Prompt: Among the lines below, a stretch begins at the one with "Cross Street Gillette" and ends at the one with "Manuel Barrueco plays". Repeat that stretch exactly, ends included.

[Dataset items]

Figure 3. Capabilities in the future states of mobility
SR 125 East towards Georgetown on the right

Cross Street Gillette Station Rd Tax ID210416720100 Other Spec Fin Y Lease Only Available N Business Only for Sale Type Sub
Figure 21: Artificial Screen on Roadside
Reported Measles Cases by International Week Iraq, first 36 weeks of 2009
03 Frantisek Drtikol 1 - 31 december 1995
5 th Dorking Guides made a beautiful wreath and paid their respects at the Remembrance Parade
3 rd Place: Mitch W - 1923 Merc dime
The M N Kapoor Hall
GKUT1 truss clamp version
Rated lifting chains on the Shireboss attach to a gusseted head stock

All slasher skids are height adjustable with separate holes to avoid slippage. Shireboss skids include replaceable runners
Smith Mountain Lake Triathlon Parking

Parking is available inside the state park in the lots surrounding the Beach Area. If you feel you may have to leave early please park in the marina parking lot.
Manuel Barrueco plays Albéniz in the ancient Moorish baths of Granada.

...

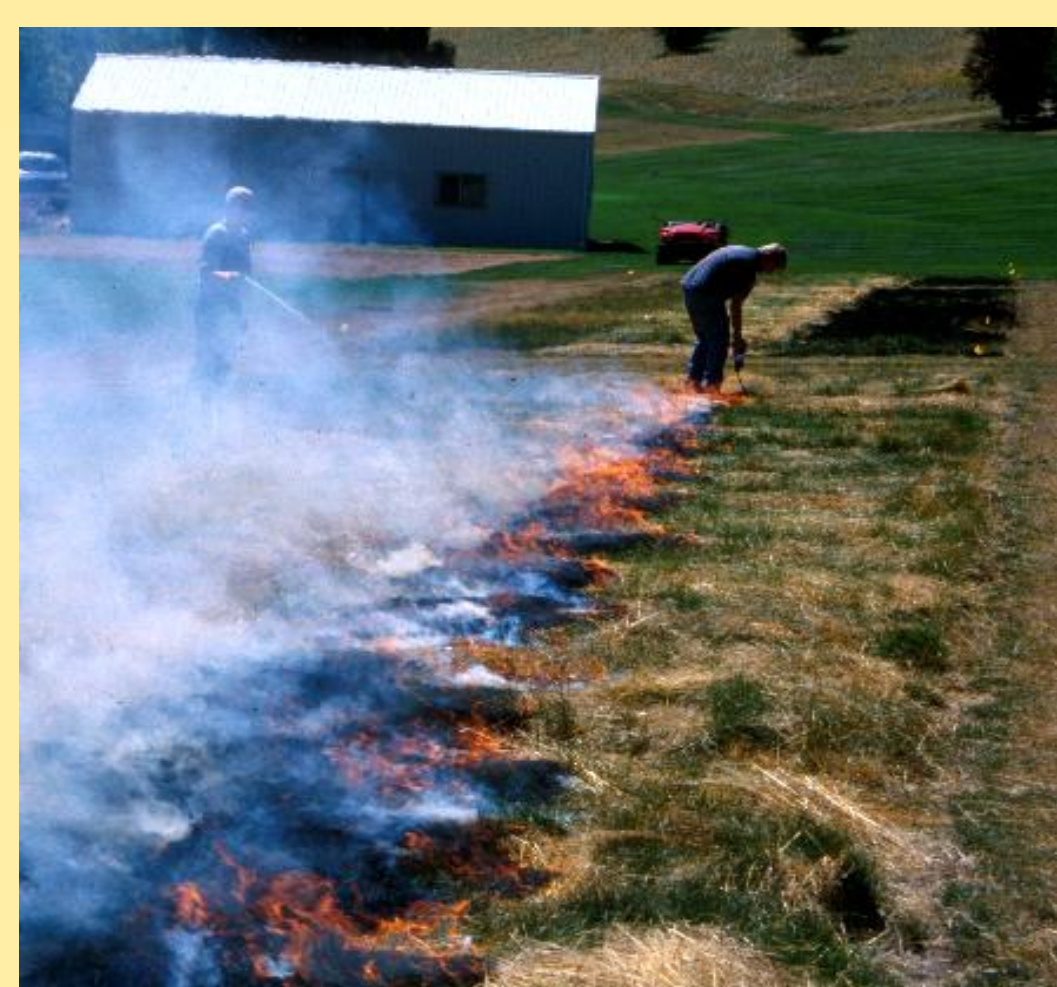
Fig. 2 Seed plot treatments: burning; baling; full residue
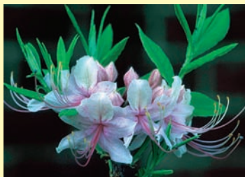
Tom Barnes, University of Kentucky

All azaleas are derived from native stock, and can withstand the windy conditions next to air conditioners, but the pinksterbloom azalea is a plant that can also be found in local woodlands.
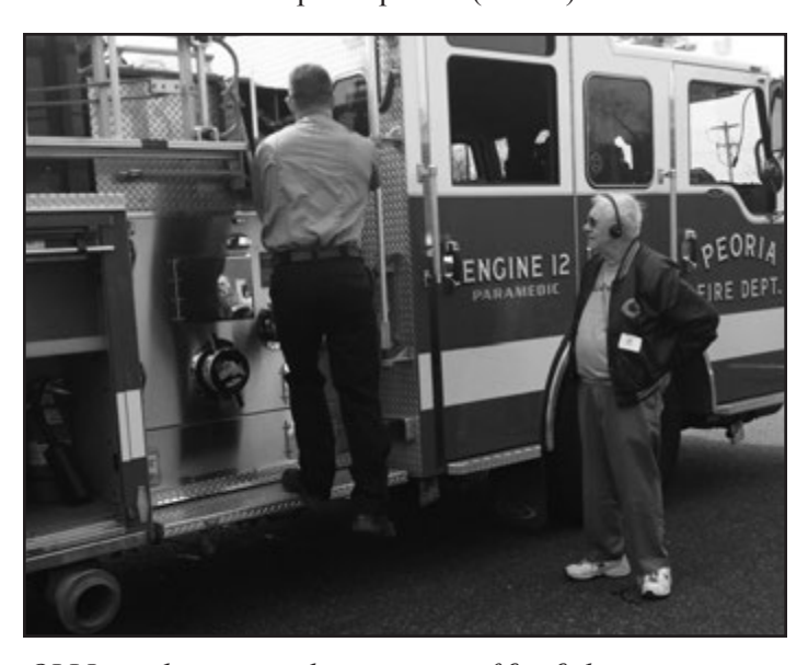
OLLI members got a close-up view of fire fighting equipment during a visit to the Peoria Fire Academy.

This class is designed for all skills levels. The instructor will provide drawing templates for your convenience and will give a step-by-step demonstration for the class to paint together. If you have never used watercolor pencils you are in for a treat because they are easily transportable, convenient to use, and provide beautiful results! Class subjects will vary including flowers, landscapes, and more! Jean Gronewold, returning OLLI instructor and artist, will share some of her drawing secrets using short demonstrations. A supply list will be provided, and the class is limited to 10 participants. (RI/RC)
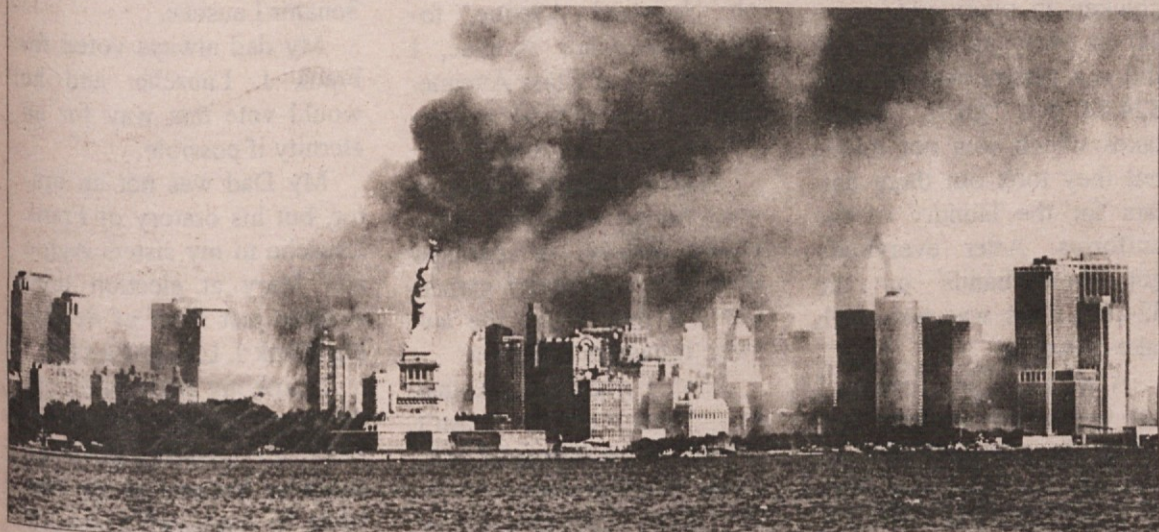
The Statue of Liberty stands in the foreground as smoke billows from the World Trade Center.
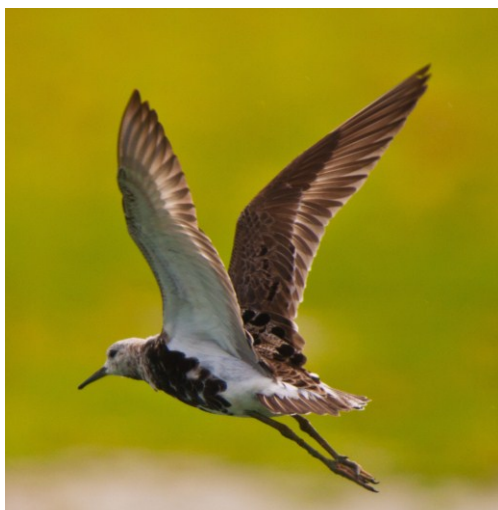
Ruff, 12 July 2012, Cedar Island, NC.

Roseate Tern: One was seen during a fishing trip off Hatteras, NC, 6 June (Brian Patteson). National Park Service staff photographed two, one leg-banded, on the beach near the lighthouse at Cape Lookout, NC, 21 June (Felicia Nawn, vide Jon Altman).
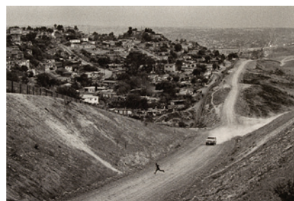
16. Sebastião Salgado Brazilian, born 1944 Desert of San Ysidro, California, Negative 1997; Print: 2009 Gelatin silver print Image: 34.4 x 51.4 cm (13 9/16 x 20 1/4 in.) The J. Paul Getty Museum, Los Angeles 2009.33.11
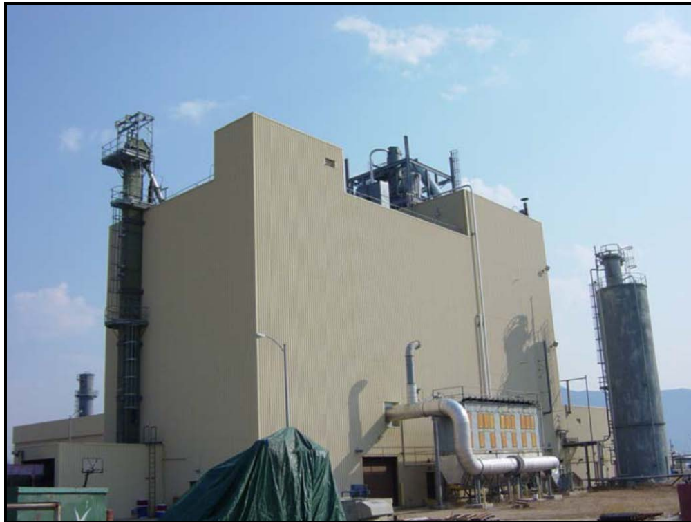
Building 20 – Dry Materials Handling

Completed exercise:
Cross Street Gillette Station Rd Tax ID210416720100 Other Spec Fin Y Lease Only Available N Business Only for Sale Type Sub
Figure 21: Artificial Screen on Roadside
Reported Measles Cases by International Week Iraq, first 36 weeks of 2009
03 Frantisek Drtikol 1 - 31 december 1995
5 th Dorking Guides made a beautiful wreath and paid their respects at the Remembrance Parade
3 rd Place: Mitch W - 1923 Merc dime
The M N Kapoor Hall
GKUT1 truss clamp version
Rated lifting chains on the Shireboss attach to a gusseted head stock

All slasher skids are height adjustable with separate holes to avoid slippage. Shireboss skids include replaceable runners
Smith Mountain Lake Triathlon Parking

Parking is available inside the state park in the lots surrounding the Beach Area. If you feel you may have to leave early please park in the marina parking lot.
Manuel Barrueco plays Albéniz in the ancient Moorish baths of Granada.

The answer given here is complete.